Pay attention to the effect of mergers, acquisitions, divestitures and closings. Understand the ramifications of these extreme events on the future well-being of the organization and the people affected. These decisions, often financially driven and made by top level executives, are seemingly executed without a thorough risk assessment of the impact on customers, suppliers, employees and the owners if the company is public.

Know and understand the principal metrics used for high level decision making.

Traditionally, business decisions have been based on past experience, intuition and financial data. Reliance was placed on indicators that were lagging behind reality (experiences of a bygone time and reports detailing financial data at least one and a half to three months old). What was needed was more emphasis on a balance between lagging and leading indicators.

Additionally, financial figures reflect only one perspective of business. Robert S. Kaplan and David P. Norton proposed a balanced scorecard5 that integrated the scorecard with managing business strategy. The elements measured and presented in the scorecard represent the best elements needed to present a balanced view of the business, for example:

* Financial factors.

* Customer factors.

* Internal factors.

* Organizational learning factors.

Richard Y. Chang and Mark W. Morgan have presented a measurement process they call performance scorecards.6 Clearly, scorecards, sometimes called dashboards, recognize the need for making decisions based on a balanced perspective of the business.

Mark T. Czarnecki reviews a number of measurement processes and programs leading to the concept of benchmarking measurement programs with other businesses and ultimately reengineering an organization’s programs for greater effectiveness.7

The term “language of business” is steadily creeping into the literature. What does this mean? In Quality Progress, Stephen George, following the thinking of J.M. Juran, discusses what matters most to senior management and how quality professionals can align their actions with those of executives by speaking the same language of business.8

Look again at the list in Figure 5 and ask yourself two questions:

1. Do I have a working competence in all these elements of business?
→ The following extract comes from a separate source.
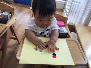 上手に指先を使ってペタッと貼って、取れないようにギューとしっかり貼っていました![]()

2. In what areas should I develop a competency to position myself for future changes?

There are two examinations for business management certifications you may wish to investigate:9

1. The certified associate business manager focuses on helping individuals master business management principles and can serve as a diagnostic tool to determine strengths and weaknesses in business management knowledge. With content on a level of a bachelor’s degree course of study, the four-hour exam covers 200 questions and touches on 98 topics.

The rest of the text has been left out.